Every line below is to be copied exactly, with the pictures left out.

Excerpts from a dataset

>>

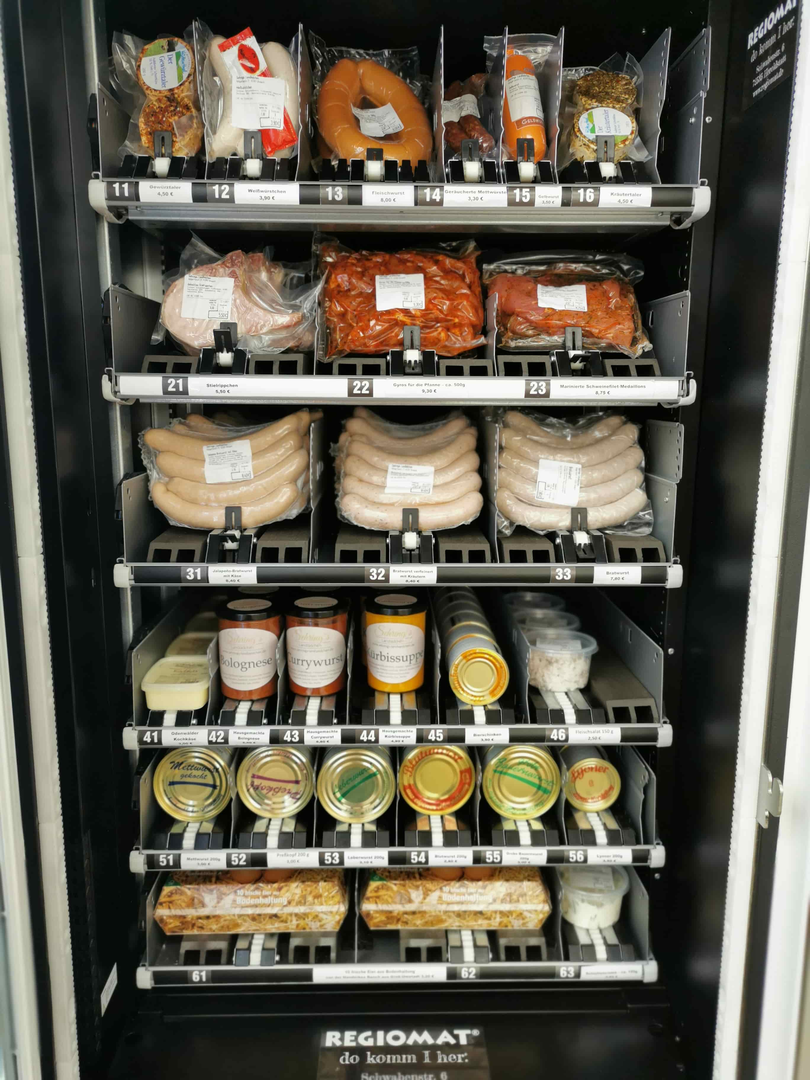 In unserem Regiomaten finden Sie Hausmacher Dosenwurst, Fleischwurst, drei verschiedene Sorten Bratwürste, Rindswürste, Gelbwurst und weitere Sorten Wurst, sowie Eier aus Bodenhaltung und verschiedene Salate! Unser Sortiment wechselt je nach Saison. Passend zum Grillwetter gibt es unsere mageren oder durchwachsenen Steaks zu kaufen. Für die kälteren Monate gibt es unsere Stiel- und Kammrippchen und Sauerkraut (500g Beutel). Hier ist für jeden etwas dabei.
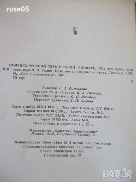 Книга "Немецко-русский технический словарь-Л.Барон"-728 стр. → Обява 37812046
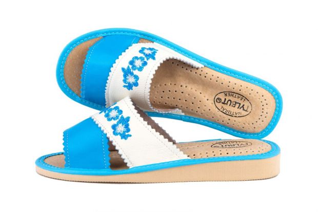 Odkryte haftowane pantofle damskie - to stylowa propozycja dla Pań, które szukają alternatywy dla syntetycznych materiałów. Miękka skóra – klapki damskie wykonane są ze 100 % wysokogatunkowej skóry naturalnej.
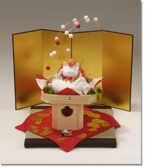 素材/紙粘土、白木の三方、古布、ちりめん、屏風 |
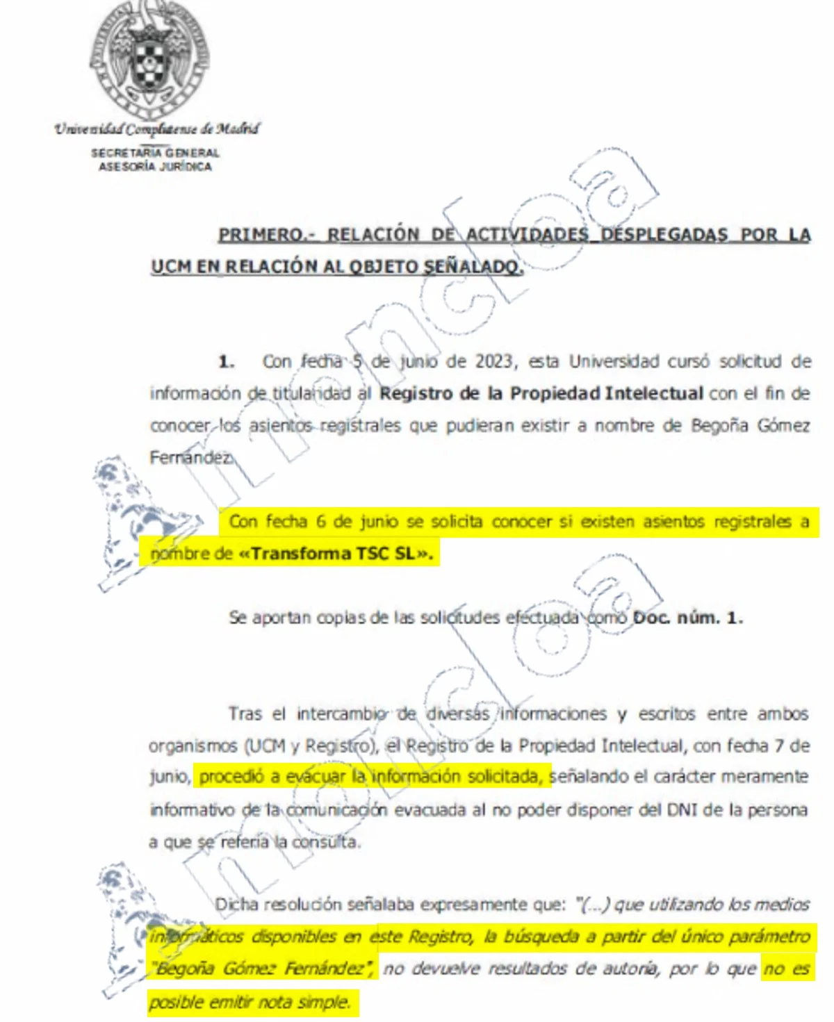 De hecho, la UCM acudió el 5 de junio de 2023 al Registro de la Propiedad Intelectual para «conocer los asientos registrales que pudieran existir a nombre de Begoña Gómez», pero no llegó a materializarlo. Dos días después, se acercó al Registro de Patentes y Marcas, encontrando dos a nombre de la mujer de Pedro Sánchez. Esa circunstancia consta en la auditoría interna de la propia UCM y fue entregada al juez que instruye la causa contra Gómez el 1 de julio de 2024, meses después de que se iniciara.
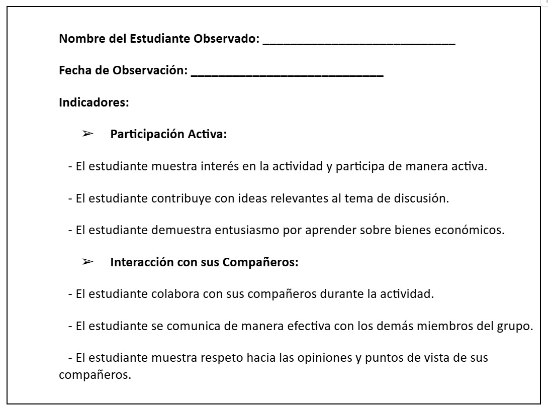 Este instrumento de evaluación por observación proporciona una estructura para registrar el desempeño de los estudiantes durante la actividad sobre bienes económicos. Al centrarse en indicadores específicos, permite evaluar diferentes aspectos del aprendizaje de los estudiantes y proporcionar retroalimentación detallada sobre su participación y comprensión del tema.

<<

▸ Problem solution:
 In unserem Regiomaten finden Sie Hausmacher Dosenwurst, Fleischwurst, drei verschiedene Sorten Bratwürste, Rindswürste, Gelbwurst und weitere Sorten Wurst, sowie Eier aus Bodenhaltung und verschiedene Salate! Unser Sortiment wechselt je nach Saison. Passend zum Grillwetter gibt es unsere mageren oder durchwachsenen Steaks zu kaufen. Für die kälteren Monate gibt es unsere Stiel- und Kammrippchen und Sauerkraut (500g Beutel). Hier ist für jeden etwas dabei.
 Книга "Немецко-русский технический словарь-Л.Барон"-728 стр. → Обява 37812046
 Odkryte haftowane pantofle damskie - to stylowa propozycja dla Pań, które szukają alternatywy dla syntetycznych materiałów. Miękka skóra – klapki damskie wykonane są ze 100 % wysokogatunkowej skóry naturalnej.
 素材/紙粘土、白木の三方、古布、ちりめん、屏風 |
 De hecho, la UCM acudió el 5 de junio de 2023 al Registro de la Propiedad Intelectual para «conocer los asientos registrales que pudieran existir a nombre de Begoña Gómez», pero no llegó a materializarlo. Dos días después, se acercó al Registro de Patentes y Marcas, encontrando dos a nombre de la mujer de Pedro Sánchez. Esa circunstancia consta en la auditoría interna de la propia UCM y fue entregada al juez que instruye la causa contra Gómez el 1 de julio de 2024, meses después de que se iniciara.
 Este instrumento de evaluación por observación proporciona una estructura para registrar el desempeño de los estudiantes durante la actividad sobre bienes económicos. Al centrarse en indicadores específicos, permite evaluar diferentes aspectos del aprendizaje de los estudiantes y proporcionar retroalimentación detallada sobre su participación y comprensión del tema.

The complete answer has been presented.